An international team of researchers have been carrying out excavations at the Sant’Omobono site, which lies at the foot of Capitoline Hill, for a number of years. Previous work has uncovered multiple layers comprising Middle and Late Bronze Age materials dating back to the 7 th century BC, and substantial evidence of continuous cult activity beginning in the late seventh and early sixth centuries BC. According to the project website , the site offers “both an important glimpse at the earliest phases of occupation at Rome in the latter half of the second millennium and an unparalleled opportunity to study the development of a major cult area in relation to the processes of urbanization and state formation from the eighth to the sixth centuries”.
The Sant'Omobono excavation team dug a 15-foot reinforced hole below the water line to reach the ruins of the ancient temple. Within the ruins they found large numbers of votive offerings such as miniature versions of drinking vessels left by foreign traders.
Today, the Tiber River is about a hundred yards away. But when the city was being created, around the 7th century BC, it flowed close to where the Sant’Omobono church now stands, where a bend in the river provided a natural harbour for merchant ships.

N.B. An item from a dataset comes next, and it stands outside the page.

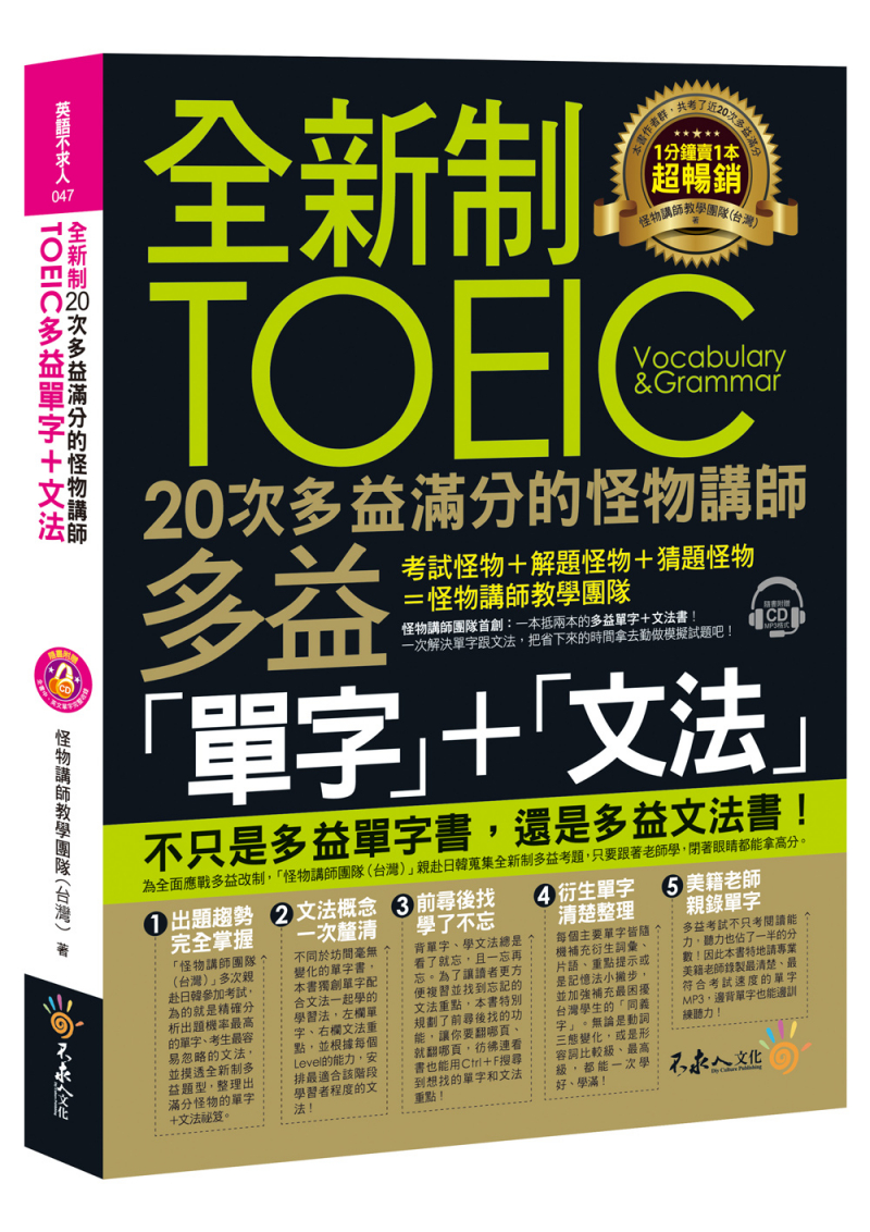 面對多益改制,相信不只是考生無所適從,多益講師也是各個如熱鍋上的螞蟻不知所措。為了因應此次改制,怪物講師教學團隊特別赴日、韓參加考試、蒐集考題,替考生摸透題型、分析單字,重新推出了這本《全新制20次多益滿分的怪物講師TOEIC多益單字+文法》。從整理單字開始,包含單字和文法的搭配、例句、難易度編排等等,整本書都是各個老師多年考試和教學的心血結晶,並且經過怪物講師團隊內部多次會議討論、修正才產出的內容。

The temple, which archaeologists believe was dedicated to the goddess Fortuna, would have been one of the first things that traders would have seen when they pulled into the harbour of Rome. According to Nic Terrenato, co-director of the Sant'Omobono excavation project, temples were positioned in this way in order to foster mutual trust between locals and traders. "It's like a free trade zone and the goddess is supposed to guarantee the fairness of the trade," said Terrenato.
Fortuna is the Roman Goddess of luck, fate and fortune, as her name implies. She was a very popular Goddess, and was worshipped under many epithets depending on the type of luck one wished to invoke or the circumstances in play. She was honoured as a personal Goddess, overseeing the fate of the individual mother, young man, or soldier, to a Goddess of the State, ensuring the fortune of the populace, the luck of the Emperor, or the glorious fate of the entire Roman Empire.